- Born: United States
- Education: Haverford College and University of New Mexico
- Known for: Power law, Community structure, Metascience
- Awards: Erdös-Rényi Prize in Network Science
- Scientific career
- Fields: Computer science, Physics, Computational social science, and Computational biology
- Workplaces: University of Colorado Boulder and Santa Fe Institute
- Doctoral advisor: Cristopher Moore
- Website: aaronclauset.github.io

= Aaron Clauset =

American computer scientist

Aaron Clauset is an American computer scientist who works in the areas of Network Science, Machine Learning, and Complex Systems. He is currently a professor of computer science at the University of Colorado Boulder and is external faculty at the Santa Fe Institute.

==Education==
Clauset completed his undergraduate studies in physics and computer science at Haverford College in 2001. He earned his Ph.D. in Computer Science in 2006 from the University of New Mexico under the supervision of Cristopher Moore. He was then an Omidyar Fellow at the Santa Fe Institute until 2010.

==Career==
In 2010, he joined the University of Colorado Boulder as an assistant professor, with primary appointments in the Computer Science Department and the BioFrontiers Institute, an interdisciplinary institute focused on quantitative systems biology. He joined the founding editorial board of Science Advances as an Associate Editor in 2014, and became the Deputy Editor responsible for social and interdisciplinary sciences in 2017. At the University of Colorado Boulder, he was awarded tenure and promoted to associate professor in 2018, and promoted to full professor in 2022.
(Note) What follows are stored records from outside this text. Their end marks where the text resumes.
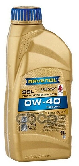 RAVENOL 1111108001 Масло моторное SSL 0W-40 1л (синтетика+ПАО)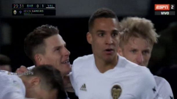 Kevin Gameiro logró así el 1-0 de Valencia ante Barcelona en el Estadio Camp Nou por la fecha 22 de la Liga Santander. Golazo del francés.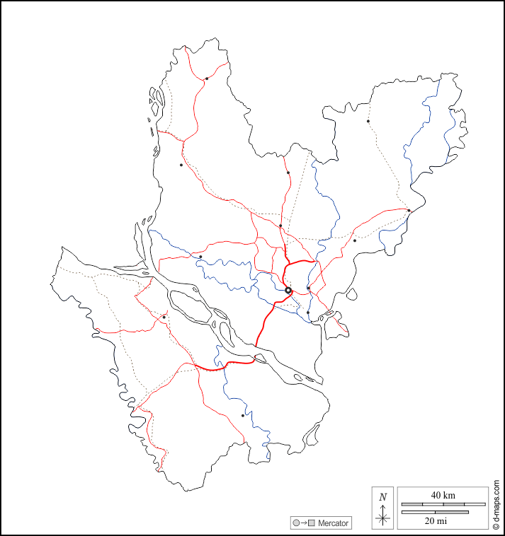 d-maps > एशिया > बांग्लादेश > ढाका विभाग > बाह्यरेखा, जल-सर्वेक्षण, मुख्य शहरों, सड़कों, सफेद
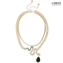 Das Ketten-Set – Diamond Snake besteht aus zwei goldfarbenen Ketten. Eine Kette wird von einem Anhänger in der Form einer Schlange und grĂĽnen Strasssteinen verziert.

Clauset is best known for work done with Cosma Shalizi and Mark Newman in 2009 on developing rigorous statistics tests for the presence of a power law pattern in empirical data, and for showing that many distributions that were claimed to be power laws actually were not. In 2019, he used these techniques to show that most real-world networks do not exhibit the predicted power-law degree distribution of the popular scale-free network model in network science. He is also known for his work on developing algorithms for detecting community structure in complex networks, particularly a model of hierarchical clustering in networks developed with Cristopher Moore and Mark Newman. In other work, Clauset is known for his specific discovery, with Maxwell Young and Kristian Skrede Gleditsch, that the frequency and severity of terrorist events worldwide follows a power-law distribution. This discovery was summarized by Nate Silver in his popular science book The Signal and the Noise and discussed by Steven Pinker in his controversial book Better Angels of our Nature. Since 2015, Clauset has been active in the metascience community, contributing a number of studies of scientific careers, and the role of prestige in shaping productivity, prominence, attrition, and the spread of ideas.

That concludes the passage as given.